[[ Supplied information open ]]
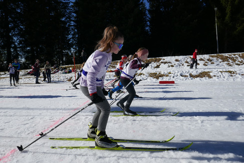 Bereits 1,5 km nahmen die Schülerinnen U8 und U9 in Angriff. Auch für sie war der Massenstart ein Novum. Mit kräftigem Doppelstockeinsatz brachten sich Sofia Lehmann und Amina Fielitz in ihrem Lauf sowie Letizia Herbert und Lotte Haist im nächsten Lauf in eine gute Ausgangsposition für den ersten Anstieg. Alle vier liefen ein gutes Rennen und belegten die Plätze vier und sieben sowie fünf und sieben.
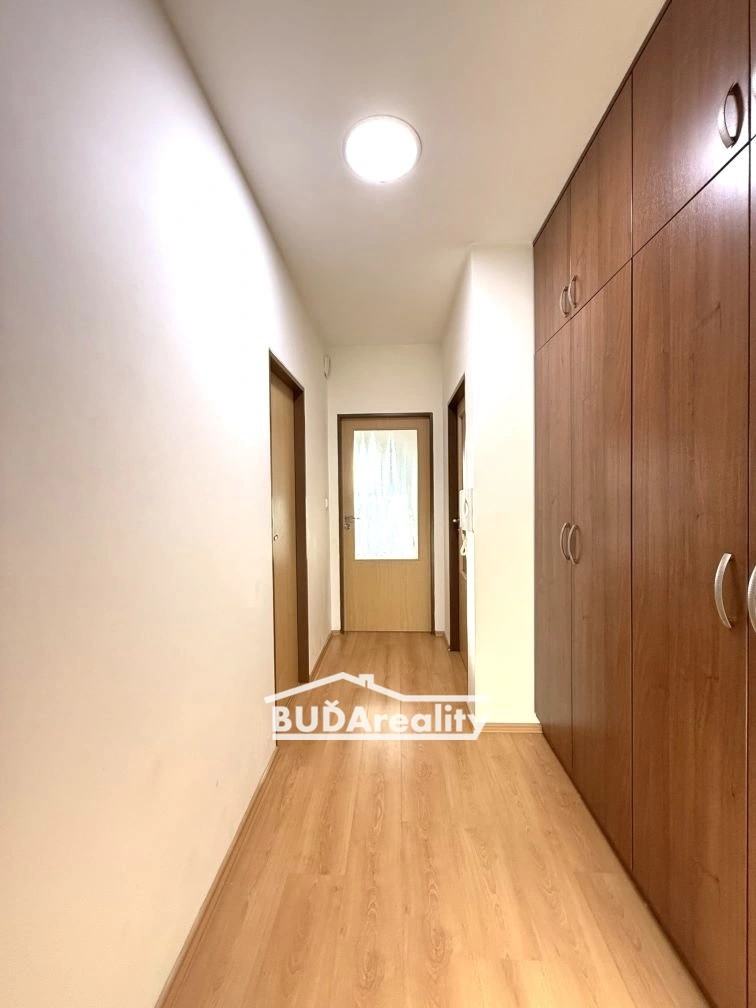 Prostorný byt v 3. podlaží splňuje požadavky moderního bydlení. Disponuje vstupní chodbou se skříněmi na míru, ze které vstoupíte do všech místností v bytě. U vstupu se nachází komora, která částečně slouží místo sklepní kóje. Na konci chodby je vstup do ložnice a kuchyně s obývacím pokojem. Kuchyň je vybavena prostornou kuchyňskou linkou s vestavěnými el. spotřebiči, varnou deskou, troubou a digestoří. Kuchyň je propojená s obývacím pokojem. Prostorná koupelna disponuje vanou, wc , umyvadlem a přípojkou na pračku. Podlahy - dlažba, plovoucí podlaha a na oknech jsou vnitřní okenní žaluzie. Velkou výhodou domu je vlastní plynový kotel a možnost parkování na uzavřeném venkovním prostoru za domem, kde je vjezd pouze na dálkové ovládání el.brány. Nabízí v budoucnu možnost pronájmu či koupě parkovacího místa za domem nebo garáže. V přízemí je místnost pro kočárky a kola, které jsou k bytu k užívání.
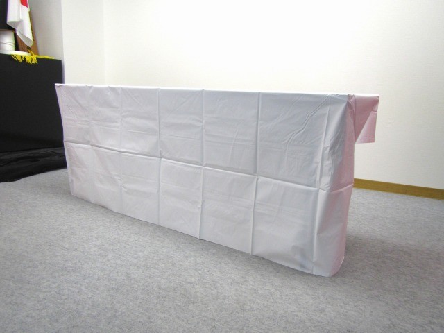 ビニールテーブルクロス(ボックスタイプ)450巾用−白−タレ付(5枚入)イベント 簡易 使い捨て 薄手 無地 汚れ防止 張り付かない 軽量
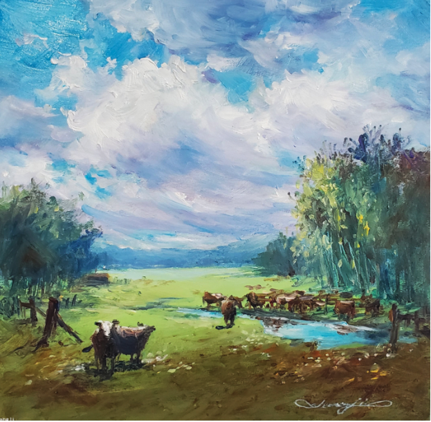 Great sky paintings lift us with a sense of the vastness and space that daily moves above our heads. A strong sky in a landscape painting, oil, watercolor, or acrylic, expresses airy light, motion, and not least of all mood. A great sky stops the viewer and draws them deeply in.
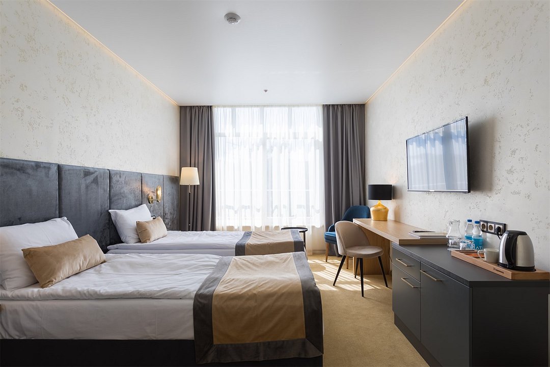 кабельное телевидение, Wi-Fi, интернет, телефон, светильник, настольные лампы, фен, электронные замки, ванная комната, душевая кабина, теплый пол, банные принадлежности, халаты, банные полотенца, пляжные полотенца, тапочки, гигиенические средства, косметические средства, две односпальные кровати, гипоаллергенное белье, шкаф для одежды, вешалки, журнальный столик, письменный стол, багажная тумба, зеркало, пуфики, сейф, косметическое зеркало, питьевая вода, ковровое покрытие, отопление, душ, вид на город, кулер на этаже, кресло, вид во двор, стаканы, стул, туалетные средства, телевизор с плоским экраном, мини-холодильник, шкаф-купе, гостиничная парфюмерия, номер для некурящих, фанкойл, пуфик, гигиенический душ, чайная станция, без питомцевВ гостиничном номере
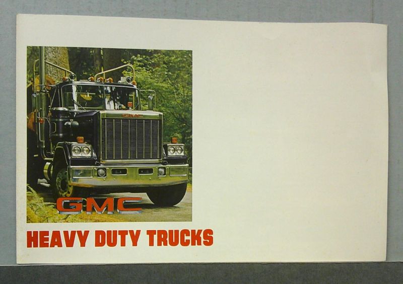 This is an original GMC sales catalog. It features promotional highlights for the GMC heavy duty truck lineup with full color pictures and specifications.
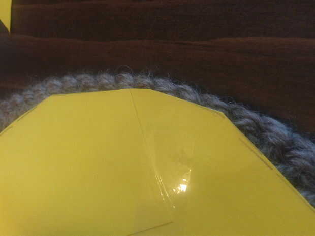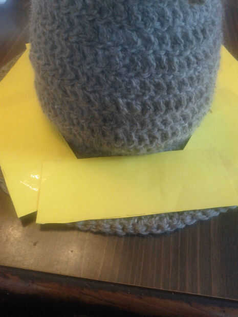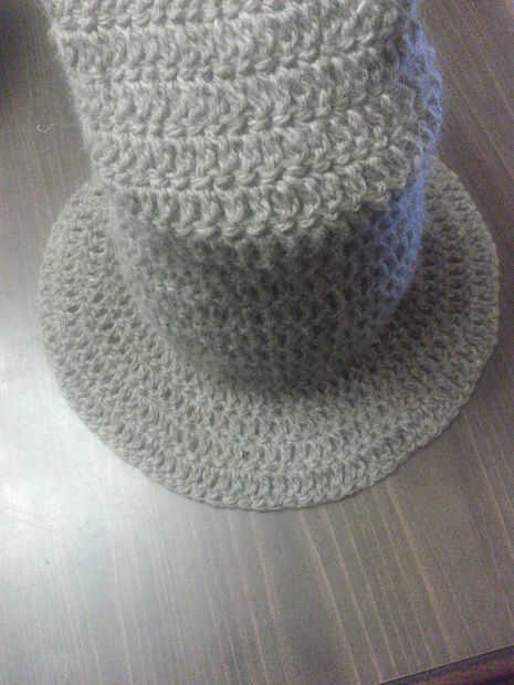 A continuación sacar el anillo de papel y sombrero de la jarra. Ganchillo donde izquierda apagado y hacer lo mismo solamente disminución en cada puntada 6 en lugar de aumentar. Después de unas pocas líneas pusieron su anillo de papel en el borde del sombrero y crochet sobre él. coser ambos lados de la llanta con un gancho de hilo o crochet junto con el documento en el medio.
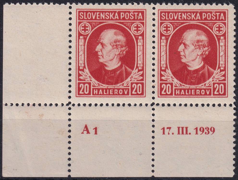 1939, Slovenský stát, 027A, Výplatní známka: Andrej Hlinka ✶✶ DČ ◫ L D
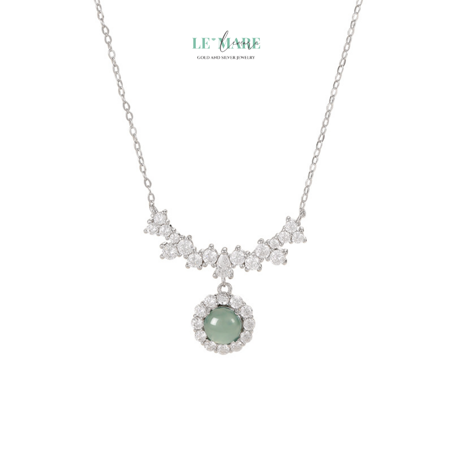 Chiếc dây chuyền ngọc bích nữ này được chế tác tỉ mỉ từ bạc cao cấp, giữ vững màu sắc thanh khiết và sang trọng. Phần mặt dây là hình ảnh mặt trời cách điệu, bao quanh viên ngọc bích xanh lục – như thể bình minh đang hé rạng giữa trời xanh. Thiết kế vừa tối giản vừa nghệ thuật, dễ dàng kết hợp với mọi phong cách thời trang – từ thanh lịch công sở đến dịu dàng dạo phố.
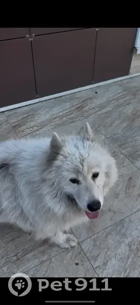 Похожа что это породистый самоед. Хотела зайти в магнит в прохладу, но выгоняли( заглядывает в глаза к каждому прохожему, будто ищет хозяина . Добрая, налила воды, лизала меня, благодарила
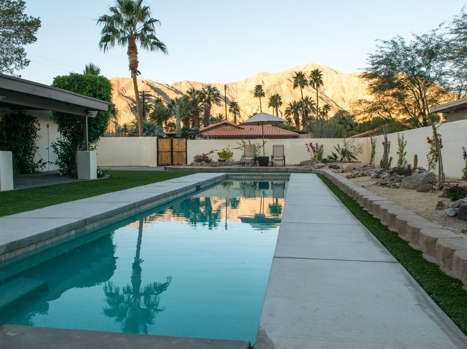 Villa Palmera - 1bd/1ba King Terrace w/Fireplace offers gorgeous views of the Santa Rosa Mountains and our sprawling desert courtyards. Our guests love the privacy of this single level villa and the convenient proximity to all the main clubhouse amenities that Legacy Villas has to offer. The main pool and children's pool are steps away from our front door. The main clubhouse is also where you’ll find our well equipped fitness center, clubhouse, outdoor wedding venue, hammock garden and Legacy Grille. If a quieter vibe is more you speed, then enjoy the quick walk across the hammock garden to the lap pool where you'll typically find adults in quiet relaxation soaking up the sun. With 12 pools and 11 hot tubs spread throughout the resort grounds, you’ll be happy to know that we have another pool and hot tub just beyond our front door where you will often be the only person there. So if you’re looking for a more social and kid friendly experience with roomy cabanas and pool side snacks at the main clubhouse or private relaxation closer to your villa, we have a host of options for you to enjoy the Southern California outdoors.
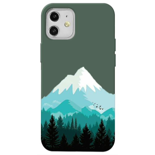 Apple iPhone 12 Buzul Beyaz Koyu Yeşil Renkli Silikon Telefon Kılıfı
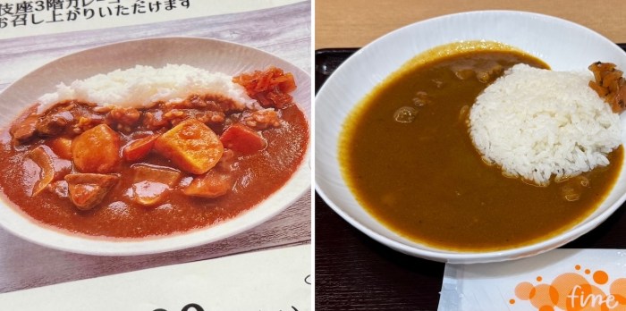 運ばれてきたカレーを見て驚愕した。写真と比べると、具がほとんど入っていない。ライスの横に申し訳程度に添えられた福神漬けと、シンプルなカレールーが皿を占めていた。
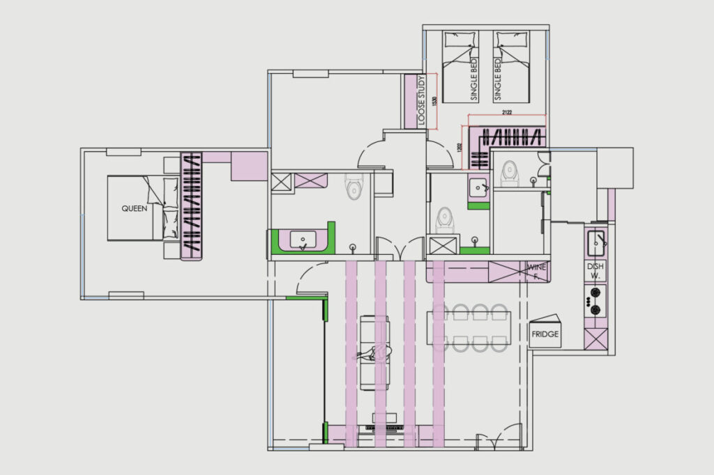 The master bedroom is organised around a single architectural move. A wardrobe block forms a walk-in dressing area on one side and becomes a featured bedhead for the existing bed frame on the other. This creates two distinct pockets within the room: a more private sleeping zone that can also accommodate an armchair for reading, and a separate dressing area that allows for different wake-up routines without disruption.
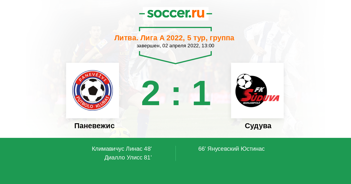 66' (1:1) Янусевский Юстинас (3) (Мбомбо Куле (22))
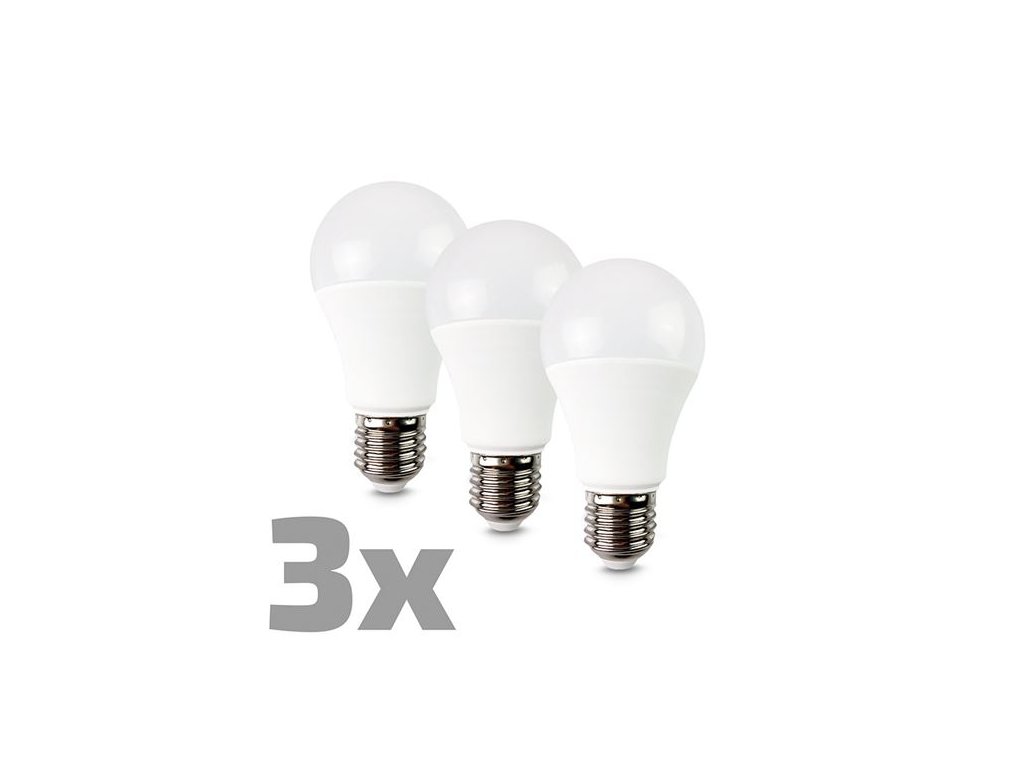 SOLIGHT WZ529-3P LED žár. 3x E27 10W 3K 900lmBalení tří LED žárovek s příkonem 10 W a teplým bílým světlem (3000 K) nabízí jemné a útulné osvětlení pro obývací pokoje, ložnice nebo jídelní prostory. Díky světelnému toku 900 lm a širokému úhlu svícení 270° poskytnou příjemné rozptýlené světlo, které neoslňuje a vytváří pohodovou atmosféru. Ideální volba pro každého, kdo hledá úsporné a přitom příjemné osvětlení do domácnosti. Díky balení po třech kusech snadno vyměníte více žárovek najednou a ušetříte čas i peníze.
[[ Supplied information closed ]]
To do |
Restate, line by line and word for word, everything from the top of the material through the line that contains "Great sky paintings". Leave pictures out.

Exercise response |
 Bereits 1,5 km nahmen die Schülerinnen U8 und U9 in Angriff. Auch für sie war der Massenstart ein Novum. Mit kräftigem Doppelstockeinsatz brachten sich Sofia Lehmann und Amina Fielitz in ihrem Lauf sowie Letizia Herbert und Lotte Haist im nächsten Lauf in eine gute Ausgangsposition für den ersten Anstieg. Alle vier liefen ein gutes Rennen und belegten die Plätze vier und sieben sowie fünf und sieben.
 Prostorný byt v 3. podlaží splňuje požadavky moderního bydlení. Disponuje vstupní chodbou se skříněmi na míru, ze které vstoupíte do všech místností v bytě. U vstupu se nachází komora, která částečně slouží místo sklepní kóje. Na konci chodby je vstup do ložnice a kuchyně s obývacím pokojem. Kuchyň je vybavena prostornou kuchyňskou linkou s vestavěnými el. spotřebiči, varnou deskou, troubou a digestoří. Kuchyň je propojená s obývacím pokojem. Prostorná koupelna disponuje vanou, wc , umyvadlem a přípojkou na pračku. Podlahy - dlažba, plovoucí podlaha a na oknech jsou vnitřní okenní žaluzie. Velkou výhodou domu je vlastní plynový kotel a možnost parkování na uzavřeném venkovním prostoru za domem, kde je vjezd pouze na dálkové ovládání el.brány. Nabízí v budoucnu možnost pronájmu či koupě parkovacího místa za domem nebo garáže. V přízemí je místnost pro kočárky a kola, které jsou k bytu k užívání.
 ビニールテーブルクロス(ボックスタイプ)450巾用−白−タレ付(5枚入)イベント 簡易 使い捨て 薄手 無地 汚れ防止 張り付かない 軽量
 Great sky paintings lift us with a sense of the vastness and space that daily moves above our heads. A strong sky in a landscape painting, oil, watercolor, or acrylic, expresses airy light, motion, and not least of all mood. A great sky stops the viewer and draws them deeply in.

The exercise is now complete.